22 stycznia 1945 roku Niemcy wycofali się z Olsztyna przed nacierającymi wojskami radzieckimi. Prowizoryczną linię obrony przygotowali na rzece Wadąg. 23 stycznia Rosjanie podjęli próbę sforsowania rzeki w rejonie Dywit i Kieźlin. Natrafili na zdecydowany opór. Według przekazów radzieckich Niemcy umieścili na pagórku ciężki karabin maszynowy i zadawali atakującym ich Rosjanom poważne straty. Potem umocnione wzgórze z biegiem lat przerodziło się w opowieściach w bunkier. Bohaterski szeregowy Piotr Diernow miał podobno, po przekroczeniu rzeki Wadąg, podkraść się do CKM-u i własnym ciałem zasłonić wylot lufy. Ogień karabinowy został przerwany, a wtedy czerwonoarmiści ruszyli do ataku i zdobyli pozycje niemieckie. Tak w skrócie przedstawia się historia, którą promowano oficjalnie za czasów PRL-u od lat 60-tych. Jak jednak wyglądała prawda?

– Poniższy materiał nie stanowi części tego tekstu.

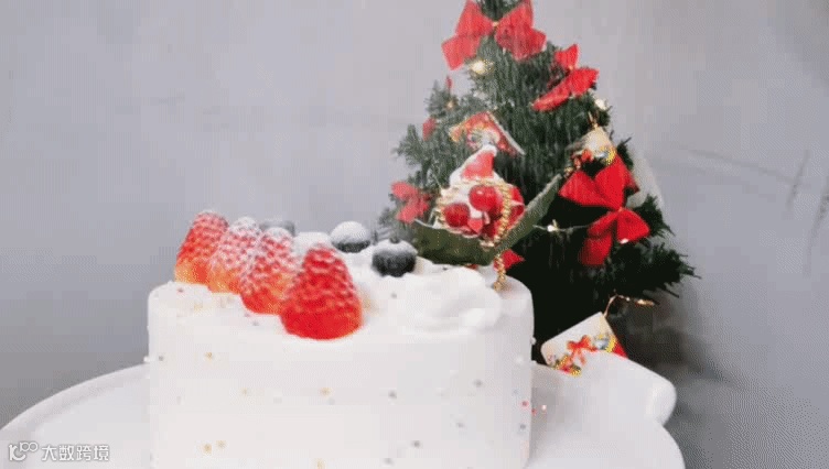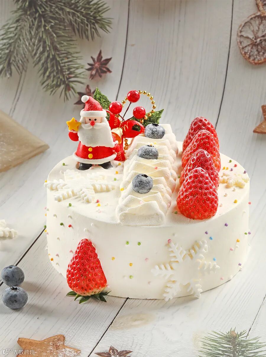 新西兰动物淡奶油/特调草莓奶油/新鲜草莓/新鲜蓝莓/雪花巧克力/彩色糖珠/糖粉/戚风蛋糕胚/圣诞老人插件/铃铛插件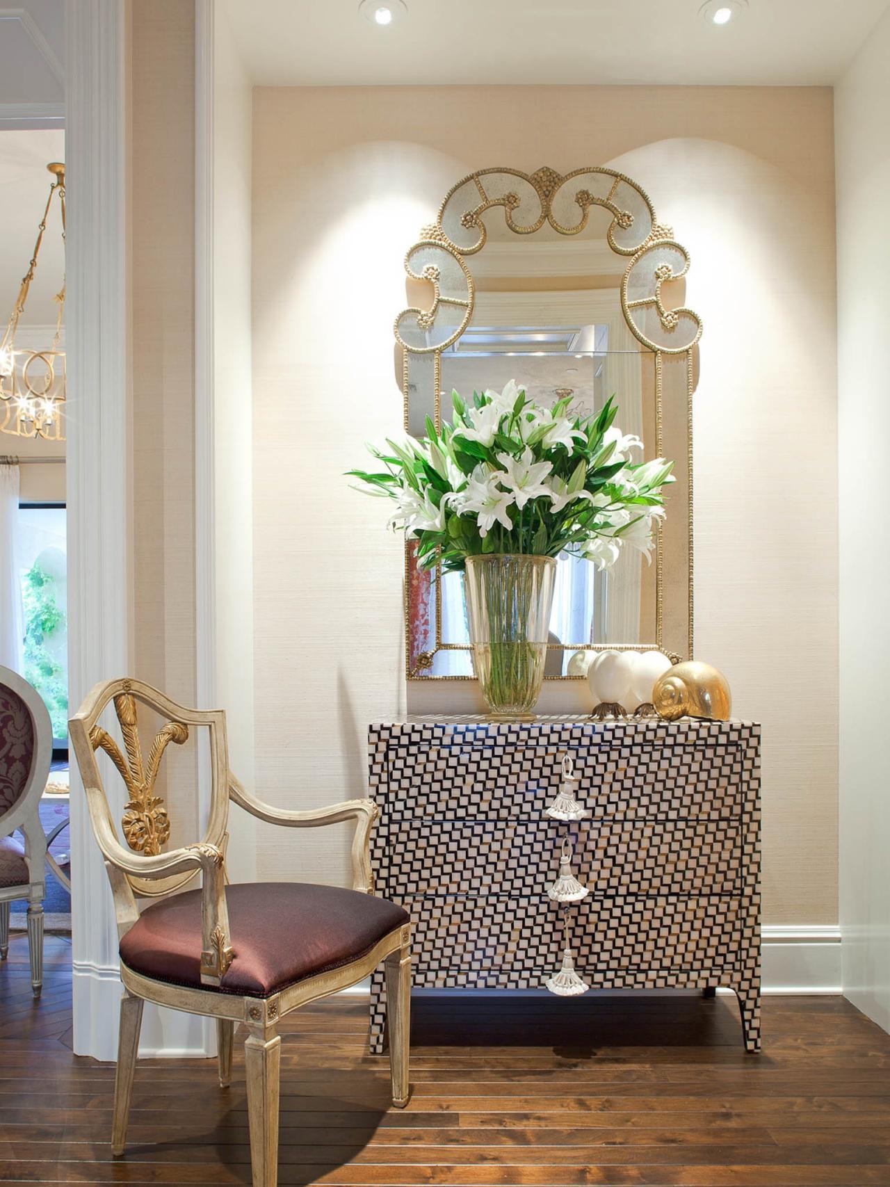Декор прихожей включает в себя и применение зеркал. Вот смотрите, как это происходит.

Odpowiedzi na to pytanie mogą udzielić wspomnienia Ericha Scharnowskiego – byłego żołnierza Wehrmachtu, który jako siedemnastolatek uczestniczył w walkach w Kieźlinach. Wraz z dwoma innymi żołnierzami był świadkiem, jak 23 stycznia dwóch żołnierzy radzieckich, młodszy i starszy, próbowało przekroczyć rzekę. Zaczęli do nich strzelać. Młodszy został trafiony, starszy się wycofał do lasu. W tym miejscu po stronie niemieckiej nie tylko nie było żadnego bunkra, ale prawdopodobnie nawet umocnionego stanowiska ciężkiego karabinu maszynowego.

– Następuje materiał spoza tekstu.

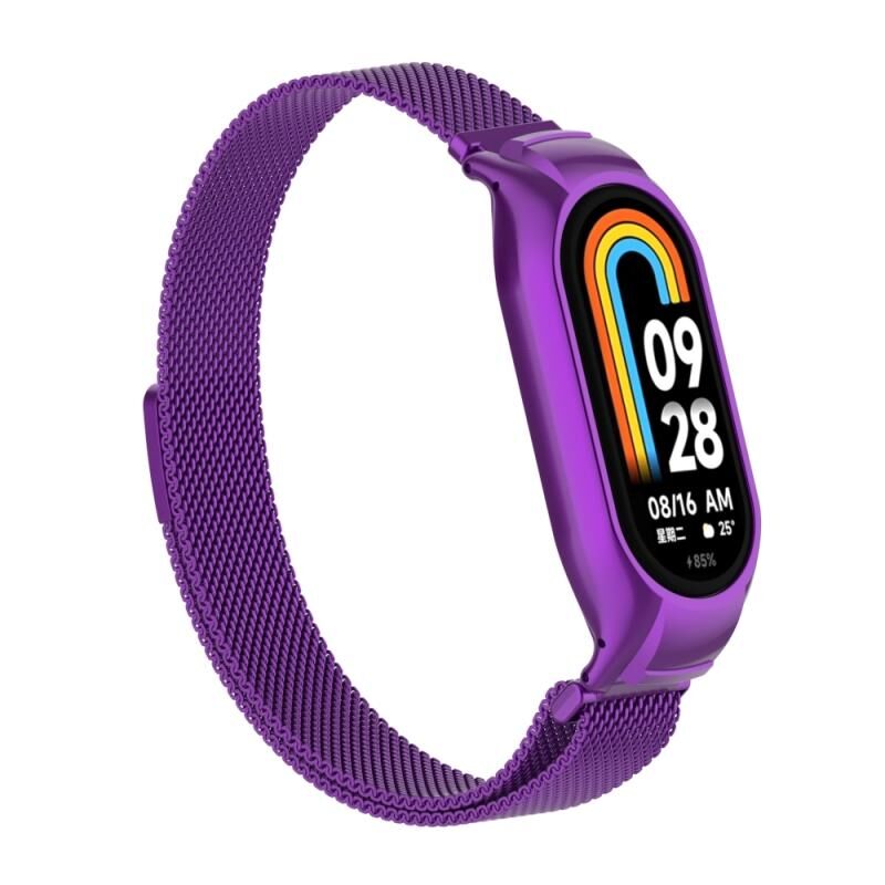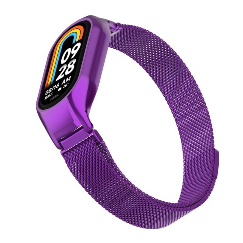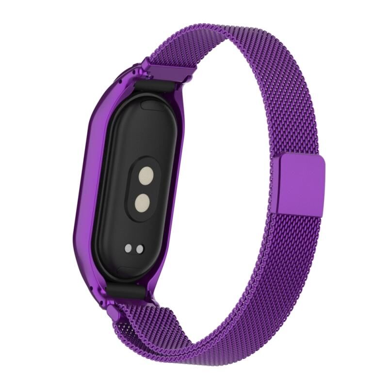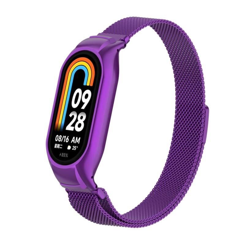 Για Xiaomi Mi Band 8 Ενσωματωμένη μεταλλική θήκη + μαγνητική ζώνη ρολογιού Μιλάνο (μωβ)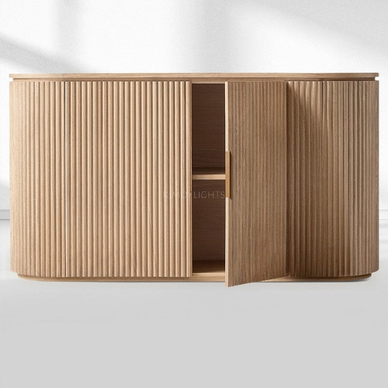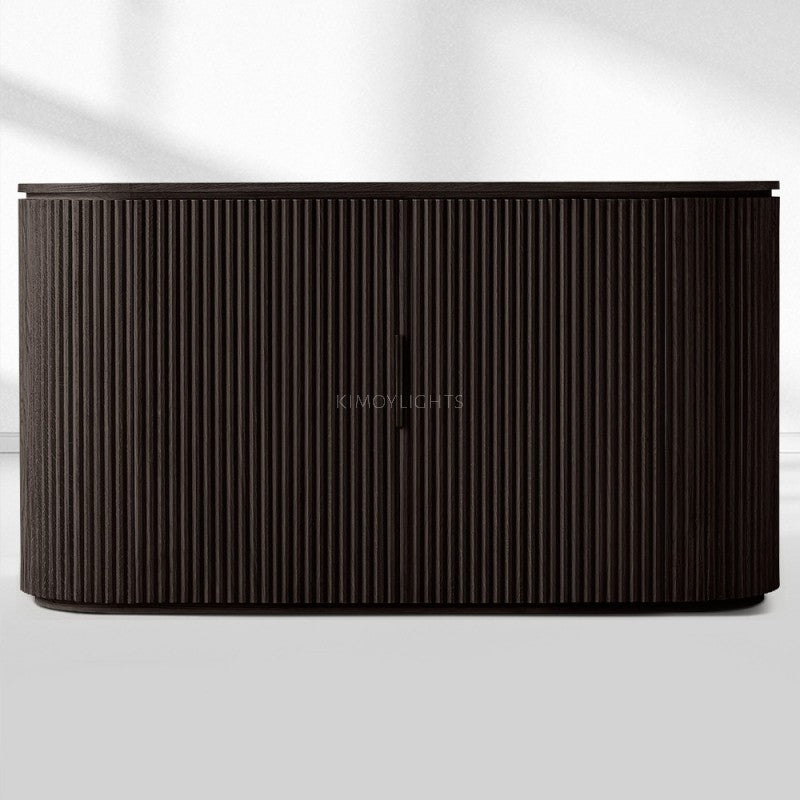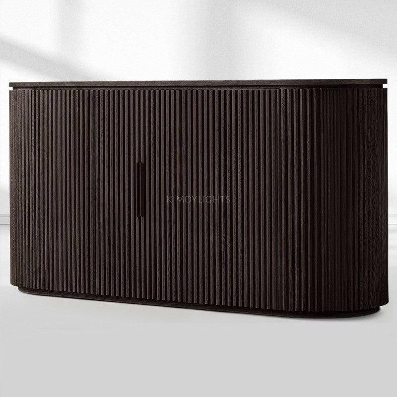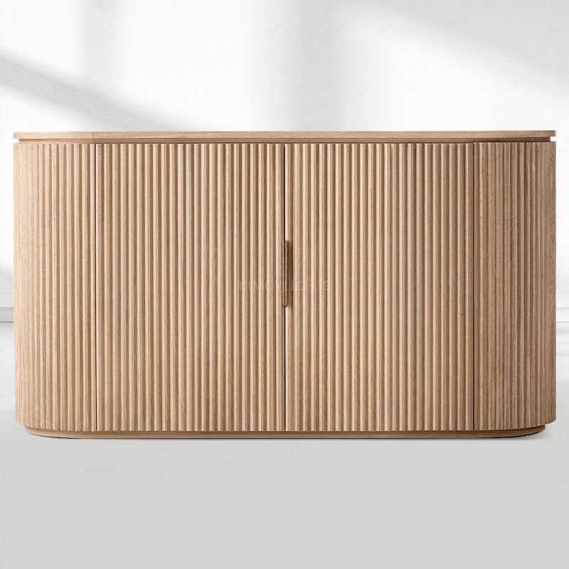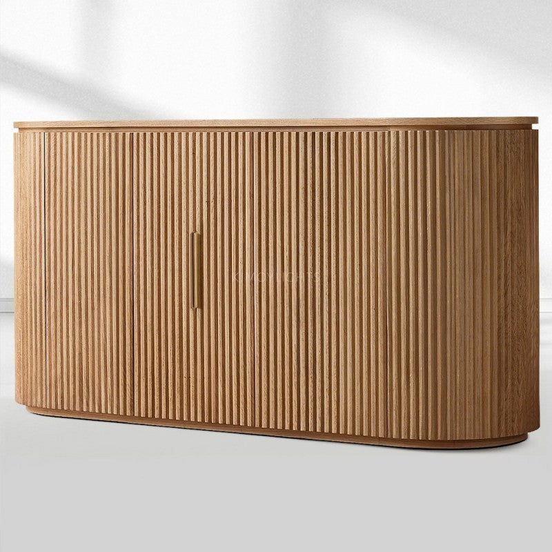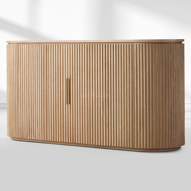 Our collection is handcrafted of reeded American white oak. The contemporary silhouette appears almost fluid in nature, seeming to float on a recessed plinth base.

Wszystko wskazuje na to, że mit o bohaterskiej śmierci Piotra Diernowa, który jest postacią autentyczną i po śmierci został pochowany na cmentarzu wojskowym przy ulicy Szarych Szeregów w Olsztynie, został stworzony specjalnie do celów propagandowych. Szeregowcowi pośmiertnie nadano tytuł Bohatera Związku Radzieckiego.

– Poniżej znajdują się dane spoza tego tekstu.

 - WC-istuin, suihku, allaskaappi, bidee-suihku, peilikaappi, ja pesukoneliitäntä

Pamiątkowy granitowy głaz, umieszczony na betonowej platformie, znajduje się tuż nad samą rzeką Wadąg. Na kamieniu wyryto następujący napis: „TU POLEGŁ 23 STYCZNIA 1945 O WYZWOLENIE WARMII I MAZUR PIOTR DIERNOW, BOHATER ZWIĄZKU RADZIECKIEGO. CZEŚĆ JEGO PAMIĘCI”. Jako ciekawostkę można dodać, iż obecna ulica Jana Pawła II w Dywitach dawniej nosiła imię Piotra Diernowa.